The main advantages of a Roth retirement account are:

  • Tax planning
  • Retirement income planning
  • Inheritance planning

Tax planning: The tax implications are the most easily recognized difference between a Roth and a traditional retirement account.

Traditional IRA: This is a tax deferred account, which means the money deposited into a traditional retirement account is subtracted from your taxable income and potentially decreases your taxes payable in the year the deposit is made.  In addition, the earnings on the funds also grow tax-deferred. Thus, you pay no income taxes on the deposit or the earnings until the funds are withdrawn from the account.

Roth IRA: Money is deposited in a Roth account after income taxes are paid. It will not lower your taxable income in the year of the deposit. The Roth features tax-free withdrawals on the deposit and earnings for qualified distributions.  A qualified distribution is generally a distribution made after the Roth is established and funded for at least 5 years and is either:

  1. Made on or after you turn 59½ ,
  2. Made to a beneficiary after your death, or
  3. Made because you are disabled.

Sounding a little like a pay me now or pay me later argument, with little difference in the Roth and traditional options?  The key is predicting whether your tax rate will be lower now or in the future.  Often people make less money in retirement.  It would seem logical if you make less money, then your tax rate is lower too.  However, income earned is only a part of the taxable equation.  With fewer personal exemptions and deductions, taxable income can increase.  Your effective tax rate is often lowest when you have a house full of kids, deductible education expenses and a large mortgage.

In addition, many experts forecast tax rates will increase because of the exploding federal deficit and the possible expiration of the tax cuts enacted in 2001.  If you expect your effective tax rate to be higher in the future because of higher income or higher tax rates, then a Roth contribution, or a Roth conversion, may be something to consider.

Retirement Income Planning: So much attention is paid to the tax differences between the Roth and traditional retirement accounts that the other advantages are rarely mentioned.  A significant advantage of a Roth retirement account is in retirement income planning.  Traditional retirement accounts require you to begin Required Minimum Distributions (RMD) when you reach age 70 ½, whether you need the money or not.  There are no RMDs with a Roth account.  You decide when to take the money out and how much to withdraw, provided you are at least 59 ½ and the money has been in the Roth for at least five years.

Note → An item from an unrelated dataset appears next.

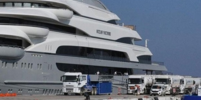Aydın, Kuşadası ilçesindeki Ege Port Limanı'na yanaşan Rusya'nın çelik ve metal kralı Viktor Rashnikov'a (69) ait, 144 metre uzunluğundaki 'Ocean Victory' isimli mega yata, 23 tanker yakıt alındı

RMDs are based on the average life expectancy on actuarial charts.  If you are not necessarily “average” – because your grandma lived to be 102, or you plan to continue working well beyond the normal retirement dates – the Roth may give you more options for planning your income disbursements.   Perhaps you anticipate needing the funds as you age for medical expenses, or you would like to provide an inheritance for your children.  A Roth account allows more flexibility for financial planning options.

Inheritance Planning: Would you rather pay the taxes on your retirement account assets, or have your beneficiaries pay the taxes on the assets? Since the taxes are not due until the money is withdrawn from a traditional retirement account, the beneficiaries who inherit the funds pay the tax. To learn more about inheritance issues and to explore estate planning techniques visit http://federalretirement.net/estate.htm.

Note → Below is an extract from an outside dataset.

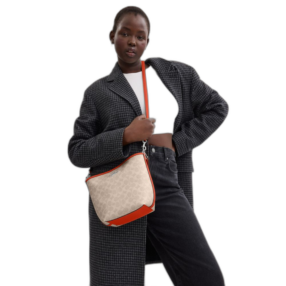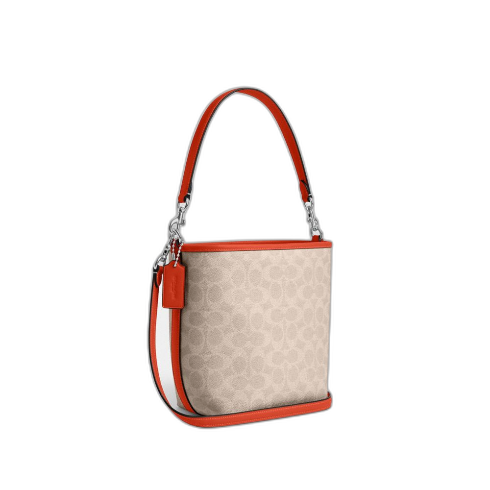 Coach Women's City Bucket Bag In Signature Canvas Silver/Sand/Deep Orange

With a Roth, income tax is pre-paid on the contribution and the earnings are not taxable.  Therefore, a Roth IRA is received free of income tax by the person who inherits the account, but a Roth account may be subject to estate taxes. If you have a large estate that is taxable, the size of your estate is reduced by the amount of income tax previously paid. The result is a smaller estate to be taxed, and the end value of the inheritance may be greater. RMDs are mandatory for the person who inherits either a Roth or a traditional retirement account.

2010 Roth Conversion Opportunity: Converting a traditional account to a Roth account has been limited to those individuals with a modified adjusted gross income of $100,000 or less.  In 2010, however, the income exclusion has been removed and people of all incomes can convert their traditional IRA to a Roth IRA.  The tax, retirement income and inheritance planning advantages also apply to Roth conversions.  Keep in mind, when you convert money from a traditional to a Roth account, taxes are due on all funds transferred.  For funds converted in 2010, you can elect to include the entire amount converted as income in 2010, or have the income amount split between the 2011 and 2012 tax year.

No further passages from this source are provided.